On Sun, Mar 8, 2020 at 12:05 PM Xiao Li <gatorsm...@gmail.com> wrote:

> I want to thank you *Ruifeng Zheng* publicly for his work that lists all
> the signature differences of Core, SQL and Hive we made in this upcoming
> release. For details, please read the files attached in SPARK-30982
> <https://issues.apache.org/jira/browse/SPARK-30982>. I went over these
> files and submitted the following PRs to add back the SparkSQL APIs whose
> maintenance costs are low based on my own experiences in SparkSQL
> development:
>
>    - https://github.com/apache/spark/pull/27821
>    - functions.toDegrees/toRadians
>       - functions.approxCountDistinct
>       - functions.monotonicallyIncreasingId
>       - Column.!==
>       - Dataset.explode
>       - Dataset.registerTempTable
>       - SQLContext.getOrCreate, setActive, clearActive, constructors
>    - https://github.com/apache/spark/pull/27815
>       - HiveContext
>       - createExternalTable APIs
>    -
>    - https://github.com/apache/spark/pull/27839
>       - SQLContext.applySchema
>       - SQLContext.parquetFile
>       - SQLContext.jsonFile
>       - SQLContext.jsonRDD
>       - SQLContext.load
>       - SQLContext.jdbc
>
> If you think these APIs should not be added back, let me know and we can
> discuss the items further. In general, I think we should provide more
> evidences and discuss them publicly when we dropping these APIs at the
> beginning.
>
> +1 on Jungtaek's comments. When we making the API changes (e.g., adding
> the new APIs or changing the existing APIs), we should regularly publish
> them in the dev list. I am willing to lead this effort, work with my
> colleagues to summarize all the merged commits [especially the API
> changes], and then send the *bi-weekly digest *to the dev list.
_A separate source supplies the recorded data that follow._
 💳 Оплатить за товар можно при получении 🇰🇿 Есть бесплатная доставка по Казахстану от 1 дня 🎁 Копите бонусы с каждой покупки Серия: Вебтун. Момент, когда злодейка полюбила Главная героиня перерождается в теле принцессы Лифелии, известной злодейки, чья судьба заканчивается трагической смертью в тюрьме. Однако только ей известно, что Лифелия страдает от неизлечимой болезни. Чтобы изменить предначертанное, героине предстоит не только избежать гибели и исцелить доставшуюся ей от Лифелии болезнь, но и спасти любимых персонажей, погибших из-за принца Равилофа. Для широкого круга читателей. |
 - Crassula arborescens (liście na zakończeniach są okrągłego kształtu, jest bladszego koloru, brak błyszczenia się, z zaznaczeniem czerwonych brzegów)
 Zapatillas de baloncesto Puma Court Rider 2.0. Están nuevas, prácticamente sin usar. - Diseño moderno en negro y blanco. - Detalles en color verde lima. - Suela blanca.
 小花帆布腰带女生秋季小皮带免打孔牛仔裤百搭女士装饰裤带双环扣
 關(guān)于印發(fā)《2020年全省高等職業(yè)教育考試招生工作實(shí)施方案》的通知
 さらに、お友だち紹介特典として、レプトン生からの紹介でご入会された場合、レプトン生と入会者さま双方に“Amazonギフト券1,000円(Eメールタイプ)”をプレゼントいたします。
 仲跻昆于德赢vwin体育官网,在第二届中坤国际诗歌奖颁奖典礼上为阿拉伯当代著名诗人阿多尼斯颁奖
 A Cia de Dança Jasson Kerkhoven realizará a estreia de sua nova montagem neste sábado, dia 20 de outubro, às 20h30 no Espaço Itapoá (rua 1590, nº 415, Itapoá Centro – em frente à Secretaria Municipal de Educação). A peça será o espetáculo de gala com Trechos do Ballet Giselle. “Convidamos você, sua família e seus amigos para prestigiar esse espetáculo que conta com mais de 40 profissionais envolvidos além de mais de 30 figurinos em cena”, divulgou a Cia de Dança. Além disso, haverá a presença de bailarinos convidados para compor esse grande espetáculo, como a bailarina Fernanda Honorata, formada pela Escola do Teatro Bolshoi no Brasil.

If you
> are willing to join this working group and help build these digests, feel
> free to send me a note [lix...@databricks.com].
>
> Cheers,
>
> Xiao
>
>
>
>
> Jungtaek Lim <kabhwan.opensou...@gmail.com> 于2020年3月7日周六 下午4:50写道：
>
>> +1 for Sean as well.
>>
>> Moreover, as I added a voice on previous thread, if we want to be strict
>> with retaining public API, what we really need to do along with this is
>> having similar level or stricter of policy for adding public API. If we
>> don't apply the policy symmetrically, problems would go worse as it's still
>> not that hard to add public API (only require normal review) but once the
>> API is added and released it's going to be really hard to remove it.
>>
>> If we consider adding public API and deprecating/removing public API as
>> "critical" one for the project, IMHO, it would give better visibility and
>> open discussion if we make it going through dev@ mailing list instead of
>> directly filing a PR. As there're so many PRs being submitted it's nearly
>> impossible to look into all of PRs - it may require us to "watch" the repo
>> and have tons of mails. Compared to the popularity on Github PRs, dev@
>> mailing list is not that crowded so less chance of missing the critical
>> changes, and not quickly decided by only a couple of committers.
>>
>> These suggestions would slow down the developments - that would make us
>> realize we may want to "classify/mark" user facing public APIs and others
>> (just exposed as public) and only apply all the policies to former. For
>> latter we don't need to guarantee anything.
>>
>>
>> On Sun, Mar 8, 2020 at 4:31 AM Dongjoon Hyun <dongjoon.h...@gmail.com>
>> wrote:
>>
>>> +1 for Sean's concerns and questions.
>>>
>>> Bests,
>>> Dongjoon.
>>>
>>> On Fri, Mar 6, 2020 at 3:14 PM Sean Owen <sro...@gmail.com> wrote:
>>>
>>>> This thread established some good general principles, illustrated by a
>>>> few good examples. It didn't draw specific conclusions about what to add
>>>> back, which is why it wasn't at all controversial. What it means in
>>>> specific cases is where there may be disagreement, and that harder question
>>>> hasn't been addressed.
>>>>
>>>> The reverts I have seen so far seemed like the obvious one, but yes,
>>>> there are several more going on now, some pretty broad. I am not even sure
>>>> what all of them are. In addition to below,
>>>> https://github.com/apache/spark/pull/27839. Would it be too much
>>>> overhead to post to this thread any changes that one believes are endorsed
>>>> by these principles and perhaps a more strict interpretation of them now?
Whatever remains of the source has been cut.